Content starts

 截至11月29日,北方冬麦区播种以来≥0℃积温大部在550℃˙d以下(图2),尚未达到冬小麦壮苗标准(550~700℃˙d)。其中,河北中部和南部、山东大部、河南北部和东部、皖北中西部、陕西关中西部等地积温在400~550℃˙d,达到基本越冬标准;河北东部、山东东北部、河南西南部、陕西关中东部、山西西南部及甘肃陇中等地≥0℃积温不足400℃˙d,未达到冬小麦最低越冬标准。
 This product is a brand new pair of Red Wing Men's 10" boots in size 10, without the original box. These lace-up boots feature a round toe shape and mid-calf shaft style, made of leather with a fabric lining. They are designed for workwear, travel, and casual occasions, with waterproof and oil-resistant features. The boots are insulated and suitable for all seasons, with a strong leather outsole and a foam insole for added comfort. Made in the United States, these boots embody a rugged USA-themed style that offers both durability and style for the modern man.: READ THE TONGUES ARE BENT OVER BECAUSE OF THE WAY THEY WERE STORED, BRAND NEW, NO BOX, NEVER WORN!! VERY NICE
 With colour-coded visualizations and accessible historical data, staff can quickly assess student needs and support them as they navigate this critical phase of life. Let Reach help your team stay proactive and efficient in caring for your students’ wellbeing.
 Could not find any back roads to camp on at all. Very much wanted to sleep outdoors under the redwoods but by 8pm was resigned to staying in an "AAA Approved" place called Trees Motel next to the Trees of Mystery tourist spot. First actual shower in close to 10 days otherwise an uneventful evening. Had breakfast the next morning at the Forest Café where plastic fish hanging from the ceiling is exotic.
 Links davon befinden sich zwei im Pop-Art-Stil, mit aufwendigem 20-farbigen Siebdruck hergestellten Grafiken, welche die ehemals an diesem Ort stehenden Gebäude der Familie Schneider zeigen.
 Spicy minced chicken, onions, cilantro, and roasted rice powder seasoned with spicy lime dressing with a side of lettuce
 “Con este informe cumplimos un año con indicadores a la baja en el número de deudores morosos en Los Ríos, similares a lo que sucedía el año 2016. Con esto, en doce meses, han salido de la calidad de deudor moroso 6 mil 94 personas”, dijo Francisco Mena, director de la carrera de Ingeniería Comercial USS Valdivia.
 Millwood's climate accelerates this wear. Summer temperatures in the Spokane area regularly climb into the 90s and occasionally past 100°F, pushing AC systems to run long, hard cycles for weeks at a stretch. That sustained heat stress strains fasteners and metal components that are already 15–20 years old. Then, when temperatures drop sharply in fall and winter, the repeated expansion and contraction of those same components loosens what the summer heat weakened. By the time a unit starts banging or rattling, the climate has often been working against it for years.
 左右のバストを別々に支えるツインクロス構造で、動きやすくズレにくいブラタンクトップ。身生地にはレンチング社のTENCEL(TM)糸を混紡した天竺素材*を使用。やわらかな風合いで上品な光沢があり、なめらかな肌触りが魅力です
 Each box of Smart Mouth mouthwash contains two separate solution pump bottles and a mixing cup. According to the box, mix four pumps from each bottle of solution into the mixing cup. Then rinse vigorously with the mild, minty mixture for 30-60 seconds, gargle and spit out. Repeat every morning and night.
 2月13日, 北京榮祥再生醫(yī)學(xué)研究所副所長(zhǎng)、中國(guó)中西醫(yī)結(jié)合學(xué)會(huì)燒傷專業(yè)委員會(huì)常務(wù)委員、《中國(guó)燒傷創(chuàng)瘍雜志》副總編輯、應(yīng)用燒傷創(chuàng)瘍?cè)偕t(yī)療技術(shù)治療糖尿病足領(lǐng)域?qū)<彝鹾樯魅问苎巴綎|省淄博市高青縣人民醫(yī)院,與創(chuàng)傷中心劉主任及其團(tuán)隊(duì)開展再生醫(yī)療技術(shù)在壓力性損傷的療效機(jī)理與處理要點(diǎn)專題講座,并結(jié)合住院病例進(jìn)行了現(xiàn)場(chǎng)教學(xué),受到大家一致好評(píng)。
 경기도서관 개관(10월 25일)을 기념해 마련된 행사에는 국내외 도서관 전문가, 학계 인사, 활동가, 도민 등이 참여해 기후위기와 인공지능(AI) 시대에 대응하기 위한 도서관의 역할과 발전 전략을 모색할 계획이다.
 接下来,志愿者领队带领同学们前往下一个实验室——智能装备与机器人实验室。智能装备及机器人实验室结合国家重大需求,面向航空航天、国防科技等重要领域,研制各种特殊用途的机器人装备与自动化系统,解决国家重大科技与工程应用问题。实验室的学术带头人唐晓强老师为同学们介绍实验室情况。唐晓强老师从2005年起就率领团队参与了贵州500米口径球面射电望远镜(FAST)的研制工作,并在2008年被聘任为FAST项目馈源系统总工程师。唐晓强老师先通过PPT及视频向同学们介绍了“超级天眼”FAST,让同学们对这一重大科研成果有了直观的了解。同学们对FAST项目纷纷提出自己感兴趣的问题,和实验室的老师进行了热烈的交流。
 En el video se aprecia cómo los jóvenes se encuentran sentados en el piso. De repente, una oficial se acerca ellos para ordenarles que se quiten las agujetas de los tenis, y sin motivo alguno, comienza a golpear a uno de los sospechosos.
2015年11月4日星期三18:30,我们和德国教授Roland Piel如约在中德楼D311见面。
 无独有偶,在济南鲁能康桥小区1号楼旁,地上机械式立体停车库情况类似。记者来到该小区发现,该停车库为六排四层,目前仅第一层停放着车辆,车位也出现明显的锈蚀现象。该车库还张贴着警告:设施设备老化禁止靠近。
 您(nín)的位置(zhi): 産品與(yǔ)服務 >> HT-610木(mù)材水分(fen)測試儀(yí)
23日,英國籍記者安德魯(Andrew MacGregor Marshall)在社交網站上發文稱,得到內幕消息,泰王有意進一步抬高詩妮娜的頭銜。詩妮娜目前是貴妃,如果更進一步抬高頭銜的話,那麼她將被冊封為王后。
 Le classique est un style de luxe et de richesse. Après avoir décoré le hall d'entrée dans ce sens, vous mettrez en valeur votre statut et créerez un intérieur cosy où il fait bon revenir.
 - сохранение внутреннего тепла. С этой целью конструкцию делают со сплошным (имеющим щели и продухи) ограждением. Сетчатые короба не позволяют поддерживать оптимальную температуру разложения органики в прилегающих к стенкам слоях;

Content ends

WORK TO COMPLETE: Both the line containing "This product is" and the line containing "With colour-coded visualizations" belong in the answer. Print them and every line above that falls between them exactly, and no others.

YOUR RESPONSE:
 This product is a brand new pair of Red Wing Men's 10" boots in size 10, without the original box. These lace-up boots feature a round toe shape and mid-calf shaft style, made of leather with a fabric lining. They are designed for workwear, travel, and casual occasions, with waterproof and oil-resistant features. The boots are insulated and suitable for all seasons, with a strong leather outsole and a foam insole for added comfort. Made in the United States, these boots embody a rugged USA-themed style that offers both durability and style for the modern man.: READ THE TONGUES ARE BENT OVER BECAUSE OF THE WAY THEY WERE STORED, BRAND NEW, NO BOX, NEVER WORN!! VERY NICE
 With colour-coded visualizations and accessible historical data, staff can quickly assess student needs and support them as they navigate this critical phase of life. Let Reach help your team stay proactive and efficient in caring for your students’ wellbeing.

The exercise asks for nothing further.